Quand une radio internationale est financée essentiellement par le ministère des affaires étrangères de son pays, on ne peut pas s’attendre à entendre autre chose que « la voix de son maitre ». Et cette voix a parlé : les élections communales et régionales n’auront pas lieu à la date indiquée du 25 octobre au Mali. Bien sûr, les autorités maliennes, qui ne peuvent pas faire autrement que de suivre, essayent de donner le change. Selon le ministre de l’administration territoriale et de la décentralisation, le gouvernement reste ouvert à toutes les propositions venant de la classe politique, or, à part le RPM qui entend confirmer sa suprématie absolue en termes d’élus à tous les niveaux, les partis politiques, de l’Opposition comme de la Majorité présidentielle et du Centre, sont tous pour un report de ces scrutins. Samedi dernier, ce sont également les mouvements républicains de la Plateforme qui sont montés au créneau pour demander, eux aussi, le report de ces scrutins. Ils ont laissé entendre que tous leurs bras valides sont mobilisés sur le terrain, et que dans les localités il ne reste plus que les vieillards, les femmes et les enfants.

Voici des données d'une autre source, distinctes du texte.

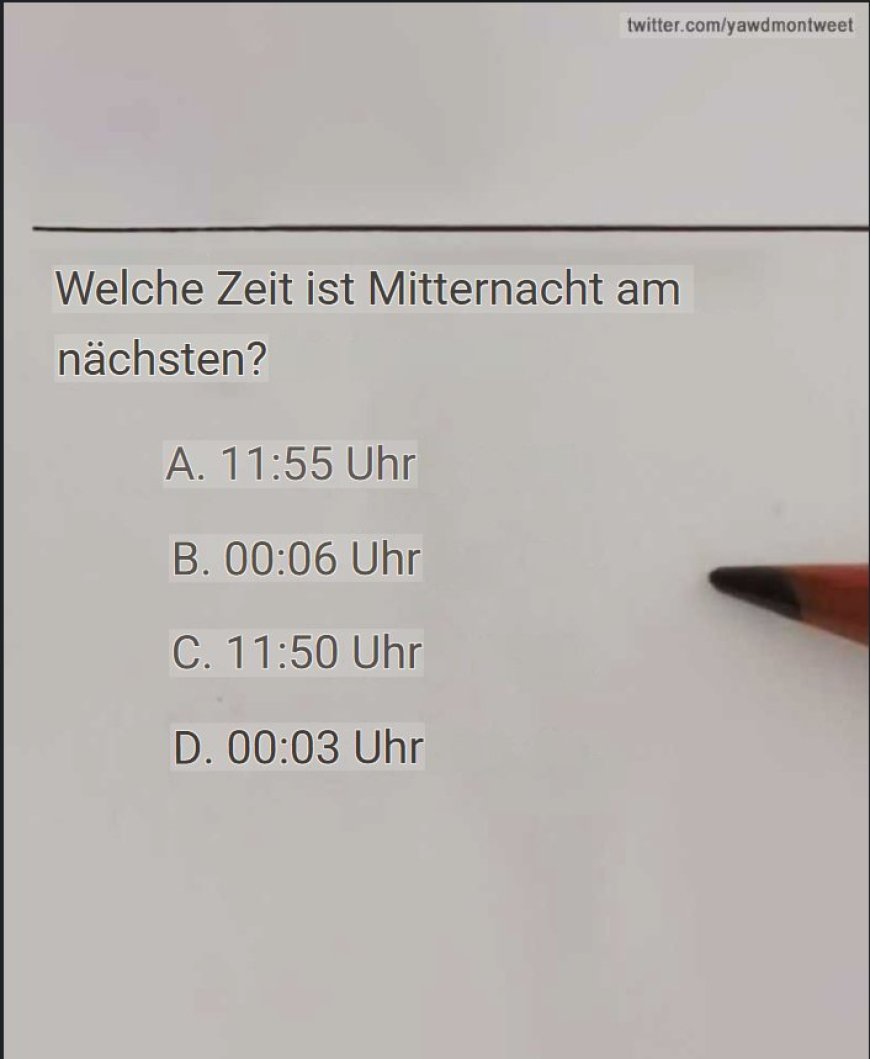Die Internetnutzer wurden in ihre Schulzeit zurückversetzt, als eine verwirrende Frage nach der Zeit eine breite Debatte auslöste. @yawdmontweet, ein jamaikanischer Nutzer, stellte die Frage, die ihn ratlos zurückließ: « Was ist die nächste Zeit bis Mitternacht? ».
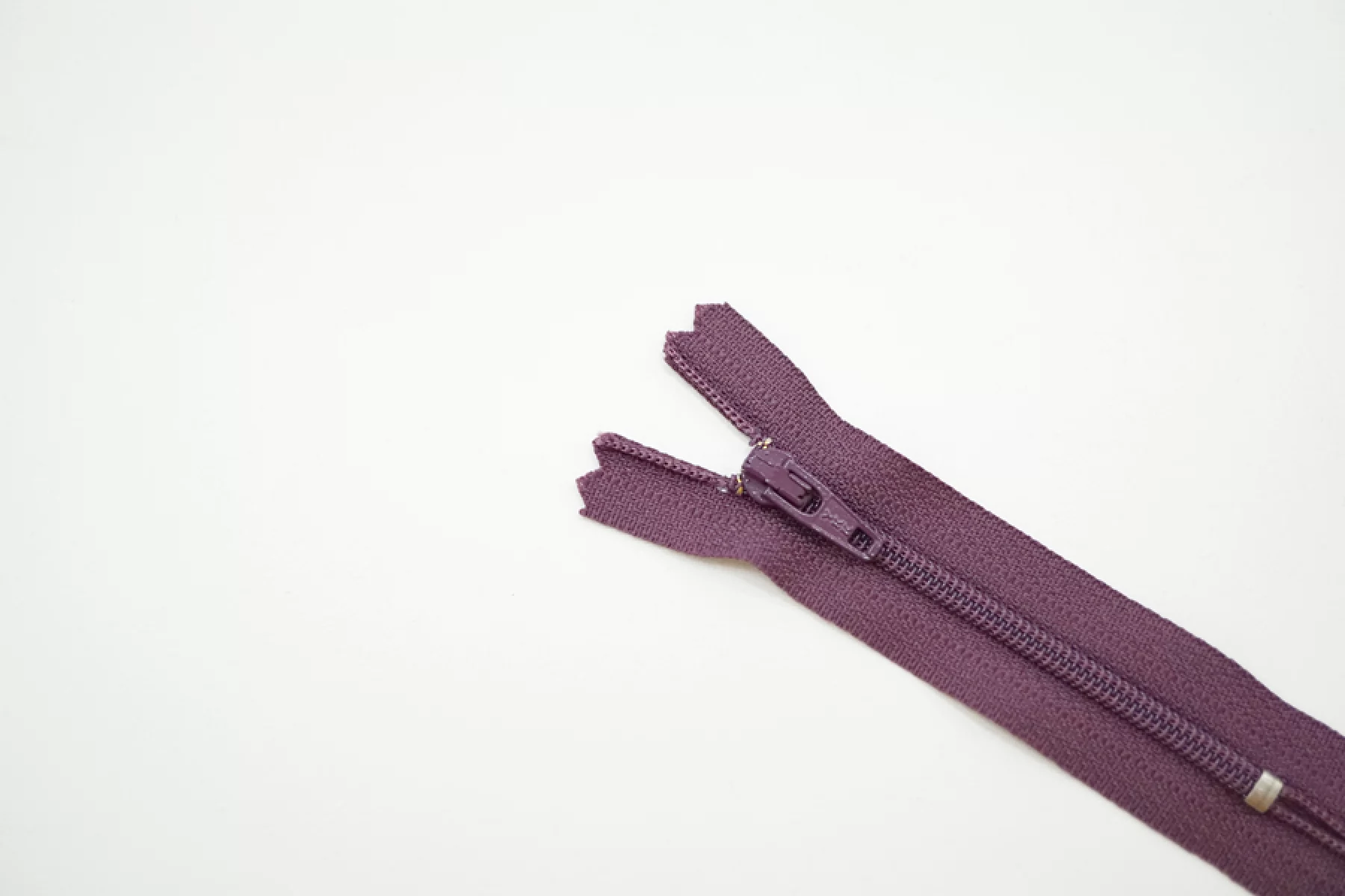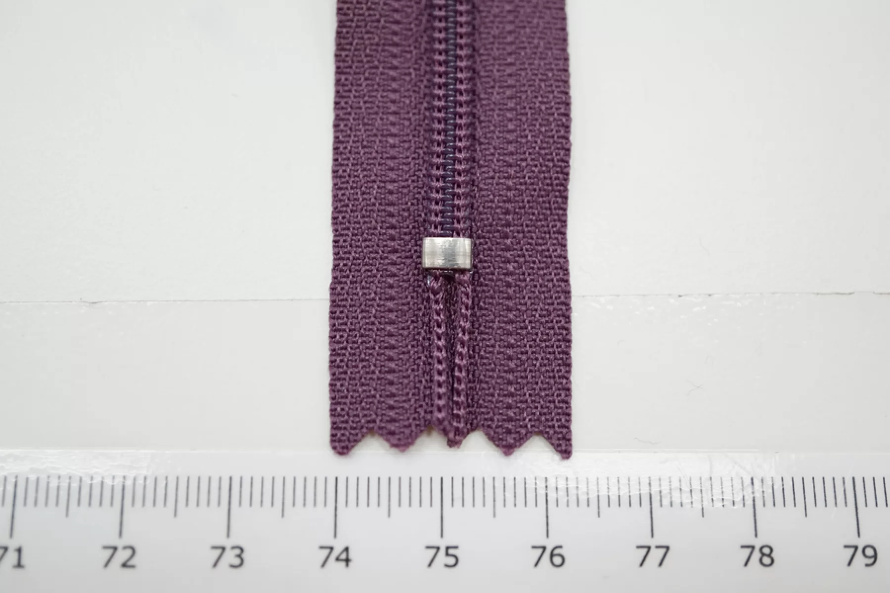 Молния брючная спиральная неразъёмная, однозамковая, цвета баклажан от YKK. Длина 8 см.
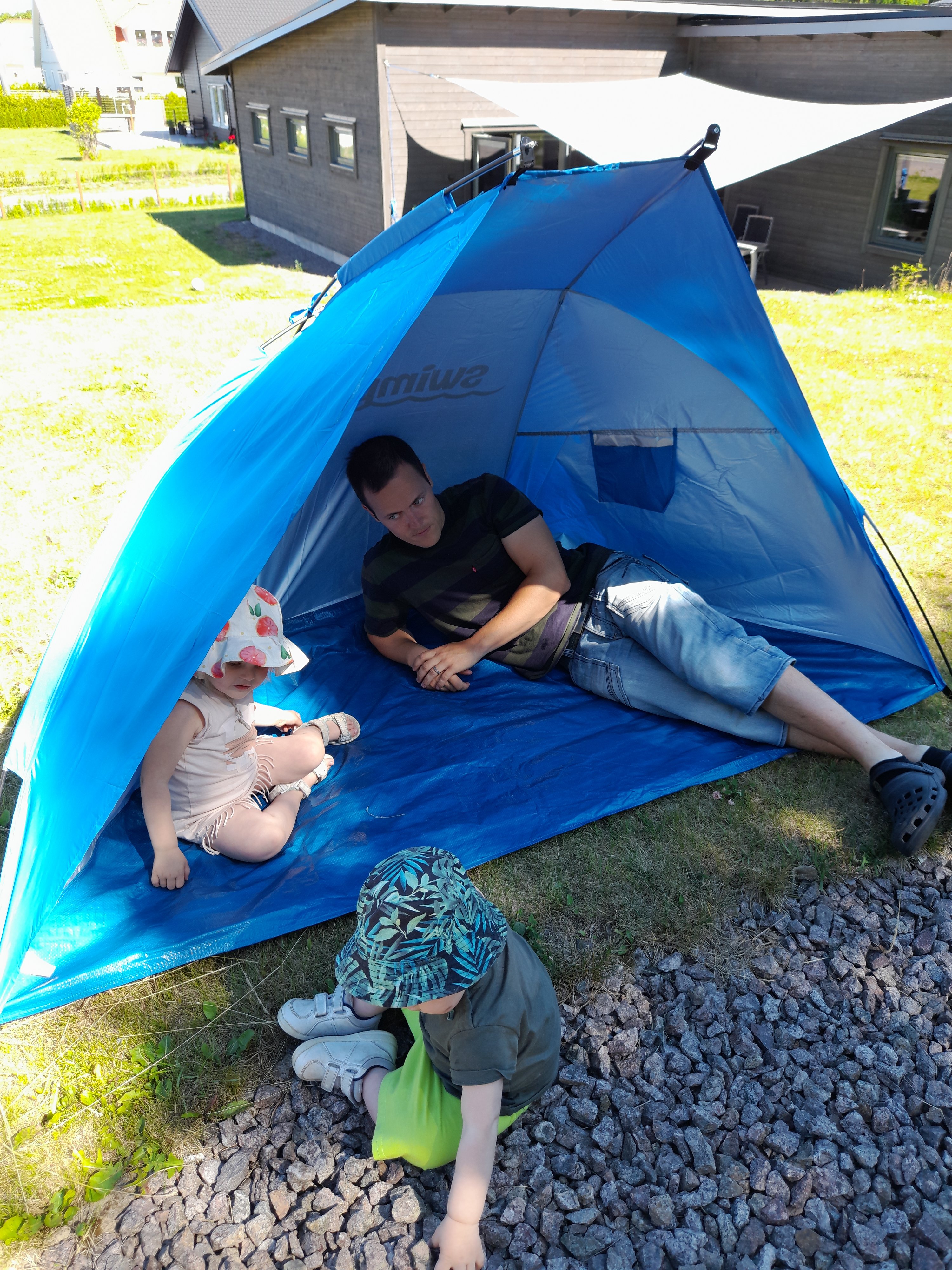 Så mysigt med picknick och perfekt också med sådana tält för barnen så att de kommer bort från solen. Ohh gott det lät med att grilla tillsammans med grannarna =D
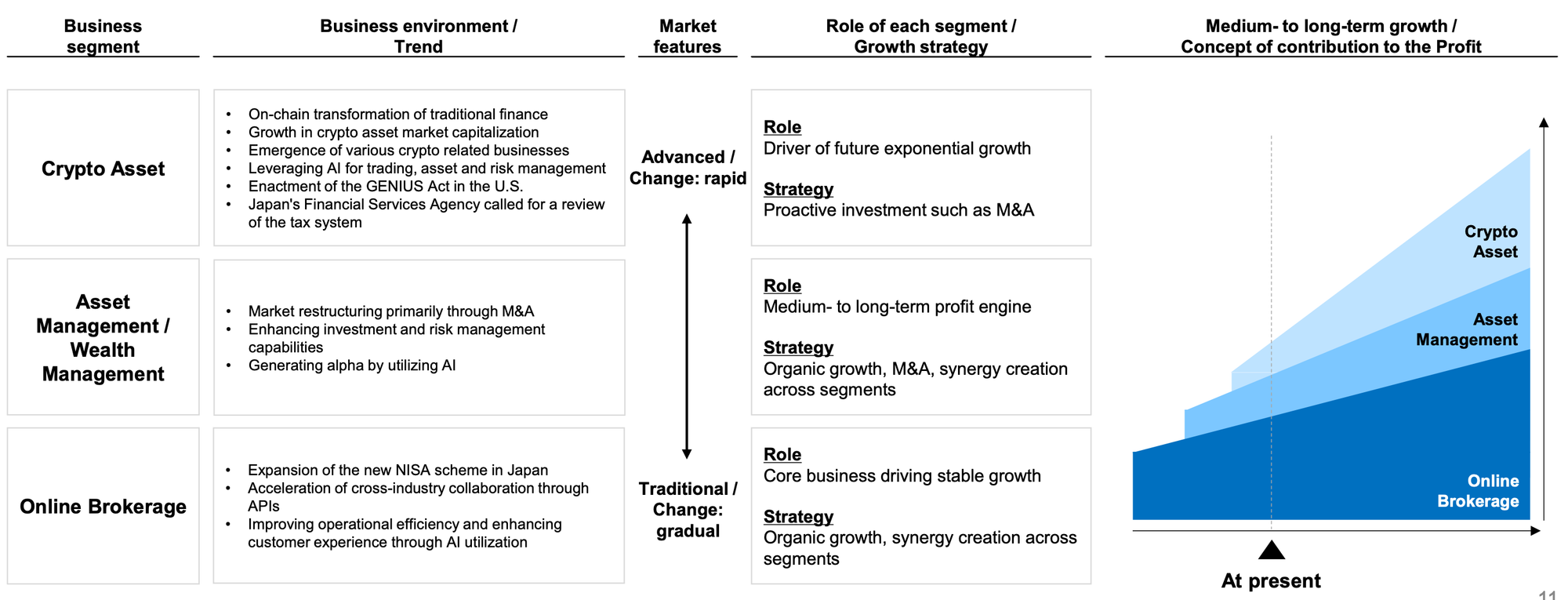 Ultimately, Monex Group's strategic direction is clear and consistent. The company reaffirms its commitment to achieving an ROE target of 15%. This will be accomplished by continuing to leverage the stable, cash-generative brokerage business to fund strategic expansion in the high-growth Asset Management and Crypto Asset segments. This growth will be pursued through a disciplined combination of organic initiatives and strategic M&A, ensuring the Group remains agile and well-positioned to create sustainable long-term value for its shareholders.
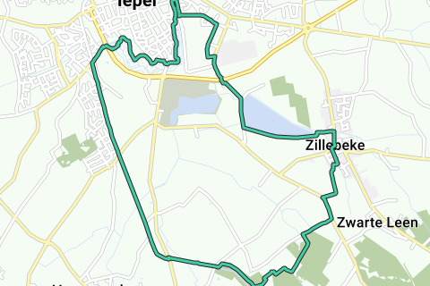 Mit dem Rücken zu den Löwen am Menenpoort gehst du RA Hoornwerk hinein. An der Hausnummer 23 LA Vaubanstraat bis Nr. 85. RA Citadelstraat entlang des Hoornwerkparks bis Camping Jeugdstadion mit Stellplätzen (Self-Check-in). RD Wanderknotenpunkt (KP) 33 folgen, entlang des Fußballstadions, unter dem Kreisverkehr hindurch und beim Yperner Friedenswald über den Zillebekevoetweg bis B&B-Brasserie Het Vijverhuis und Naturschutzgebiet Verdronken Weide. RA und rund um den Zillebekevijver bis zu KP 69. RA zu KP 23. Du gehst durch Zillebeke-Dorf, RA kurz durch die Blaupoortstraat, danach einen Weg LA und über die Perseweide zum Larch Wood Railway Cutting Cemetery. Über die Bahnlinie und an der T-Kreuzung LA. Gehe ganz bis zu KP 23 über die Verbrandemolenstraat mit weitem Blick auf Ypern und kurz vor einem weiteren Militärfriedhof LA in den Molenbos. An KP 23 RD zu KP 22 bis zum kleinen Hedge Row Cemetery. RA um den Friedhof herum über einen stark matschigen Weg. Weiter bis zu KP 22 und RD zu KP 18 entlang dem Astrolab Iris mit Cafeteria und WC, gleichzeitig Eingang zum Provinzialen Gebiet De Palingbeek. An KP 18, oben auf einem Hang, RA zu KP 19 durch einen dünnen Laubwald. An KP 19 RD zu KP 20 mit einem großen GR-Wegweiser, einem Unterstand mit WC und dem Spoilbank Cemetery. RD bis KP 47 über den Asphalt des Bijlanderpad entlang des Kanals Ypern-Komen und nach der N336 entlang des anderen Ufers des Kanals. Erneut ein ganzes Stück RD und über die N133 bis KP 60. Hier bekommst du endlich das Wasser gut zu sehen. RD zu KP 61, unterwegs wechselst du noch einmal das Ufer. An KP 61 RA zu KP 62. Dabei überquerst du unter anderem die Bahnlinie und die belebte N37b, um schräg rechts, neben der Steinerschool, bei KP 62 RD zu wählen und KP 64 entlang der Majoorgracht bis zum Ramparts Lille Gate Cemetery zu folgen. Folge weiter über die Vaubanvestung und entlang des Kasteelgracht in Richtung KP 63. Unterwegs siehst du das Menenpoort schon wieder stehen.
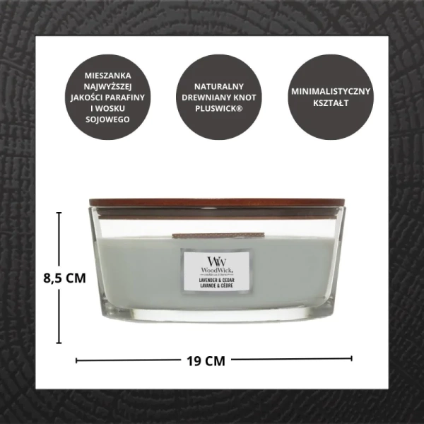 WOODWICK Core Hearthwick świeca w słoiku elipsa LAVENDER & CEDAR 453g
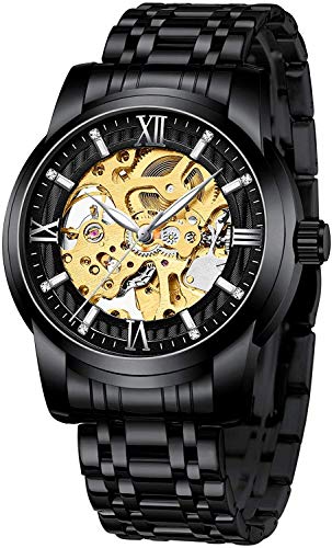 O design elegante deste relógio é aprimorado pela pulseira de aço inoxidável e mostrador esqueleto, proporcionando um visual sofisticado e moderno. Além disso, o mostrador é adornado com diamantes, adicionando um toque de luxo e refinamento a este acessório. A cor preta confere um visual versátil e atemporal a este relógio, garantindo que ele seja uma escolha incrível para qualquer ocasião.
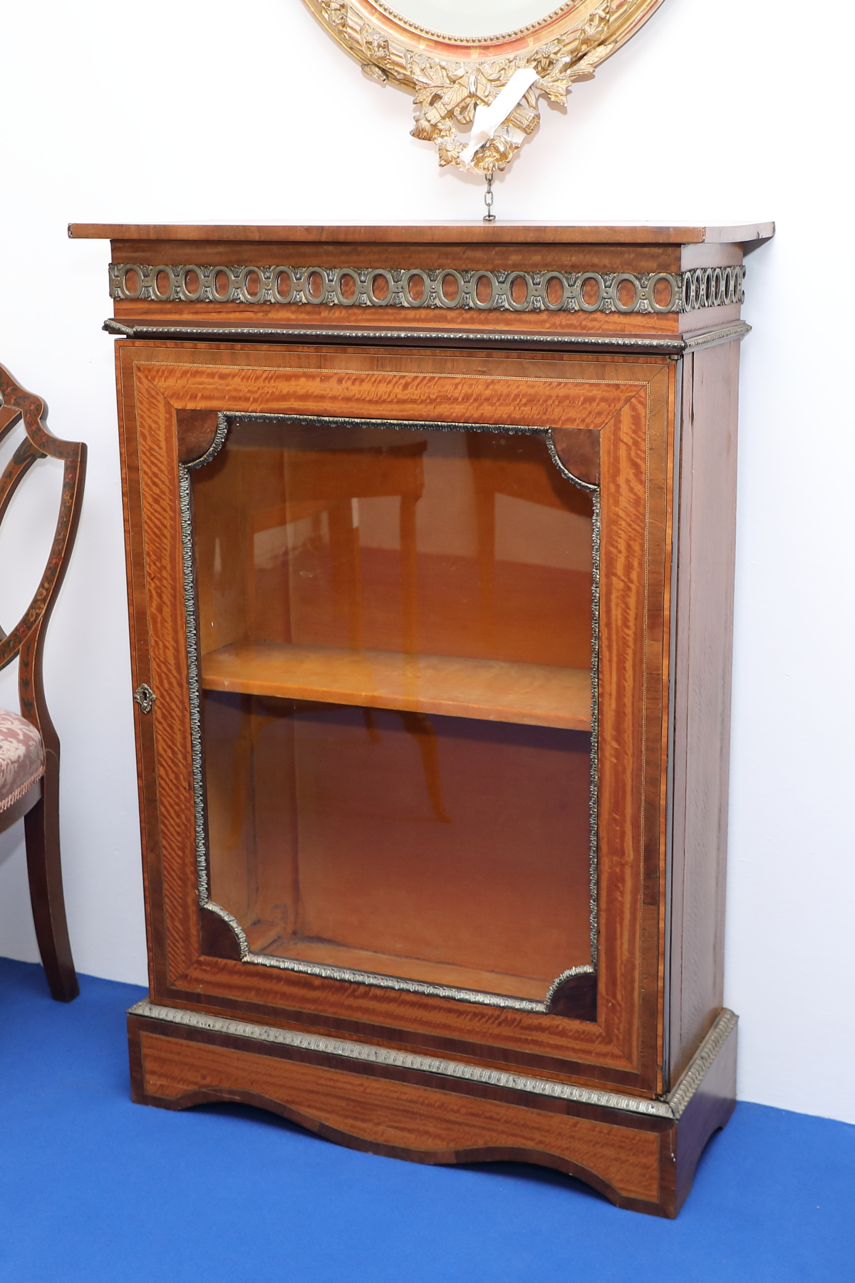 Vetrina ad un'anta in satinwood con bronzi dorati di ornament0
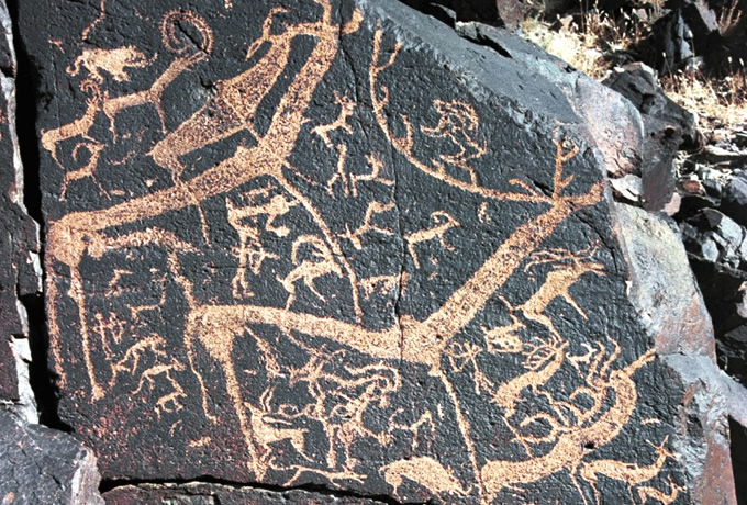 朝、ガルバンサイハン山脈を越えてハフツガイドへ。1万年前頃から書かれた動物や生活様式などの岩絵を見学。世界で初めて恐竜の卵が発見された、炎の崖・バヤンザグを散策します ダランザドガド:ツーリストキャンプ泊 |
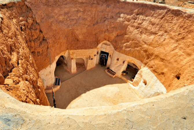 Locuinta traditionala in stil troglodit din Matmata este principala sa atractie. Pentru a scapa de caldura extrema a platoului arid al zonei, localnicii au sapat adanc in pamant, sapand o groapa circulara mare sub suprafata, care avea sa actioneze ca o curte, apoi s-au ingropat in peretii gropii pentru a scobi camerele din pestera pentru spatiile lor de locuit. .
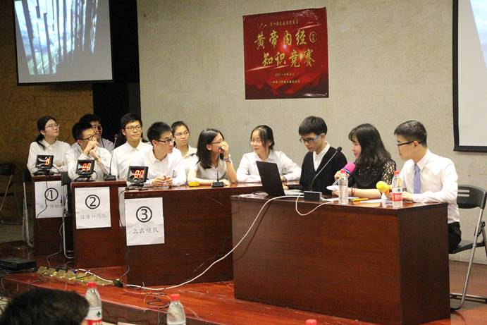 经过第一轮的笔试初赛,共有18名选手晋级本次决赛,囊括了我院高中低各个年级的学生,决赛将18名选手随机分为六支队伍。决赛分为必答题、猜词题、抢答题三个环节,考核内容为中医药经典——《黄帝内经》,比赛所用题均由广州中医药大学内经教研室提供。比赛过程竞争激烈,各支队伍都凭借良好扎实的知识基础在场上“斗智斗勇”,掀起一浪盖一浪的高潮。最终,由2014级中医2班的李天顺,张涛涛,熊舒娅同学组成的“上古天真”队斩获了冠军。

Enfants gâtés de la République
Mais, visiblement, ce n’est pas parce que depuis quelques temps les responsables des partis politiques ou de la Plateforme plaident pour ce report que la communauté internationale, drivée par la France en ce qui concerne le Mali, met la pression sur le gouvernement malien pour un report de ces scrutins, c’est parce que la Coordination des mouvements de l’Azawad (CMA), les enfants gâtés de la République, ne s’accommode pas de la date fixée « unilatéralement » par le gouvernement. Pour légitimer leur prise de position en faveur du report des scrutins, les mouvements rebelles terroristes avaient pris contact avec le chef de file de l’opposition, Soumaïla Cissé, président de l’Urd, qui n’a pas manqué l’occasion d’adhérer au projet d’embêter une fois de plus le pouvoir. Il a aussitôt été suivi par les responsables d’autres partis politiques de l’Opposition. En l’occurrence, Tiébilé Dramé du Parena, dont la position sur la participation des régions du nord à tous les scrutins est connue. En 2013, pendant que la plupart des candidats à la présidentielle clamaient leur refus de participer au scrutin tant que Kidal ne serait pas libérée, le président du Parena a été le seul à retirer sa candidature jugeant que les conditions d’un scrutin inclusif n’étaient pas réunies. Tous les autres, notamment Soumaïla Cissé et Modibo Sidibé des Fares, se sont dédits.
Des préférences malsaines
Les mouvements rebelles terroristes auront donc ce qu’ils veulent : le report des élections communales et régionales et leur implication dans la fixation d’un nouveau calendrier électoral. Ils ont le soutien du maitre qui n’a jamais caché ses préférences entre un président plébiscité par son peuple et des bandes de criminels de guerre, de criminels contre l’humanité, de terroristes, de narcotrafiquants. Récemment à Alger, le président du sénat français, Gérard Larcher, qui doit avoir plus d’une corde à son arc mais qui tire si mal, a déclaré que la communauté touarègue a besoin d’une reconnaissance politique et légale sur son territoire. Si Larcher s’était donné la peine de se renseigner auprès de ses hôtes algériens, il aurait su que les Touareg et les autres communautés des régions du nord ont toujours vécu en bonne intelligence, que s’ils ont été obligés de s’exiler ou de se déplacer c’est parce que des groupes rebelles terroristes ont cru intelligent de prendre les armes, aidés par des mouvements jihadistes et salafistes, contre le pouvoir central. Et ces groupes rebelles terroristes sont constitués essentiellement de Touareg auxquels se sont joints quelques sédentaires perdus.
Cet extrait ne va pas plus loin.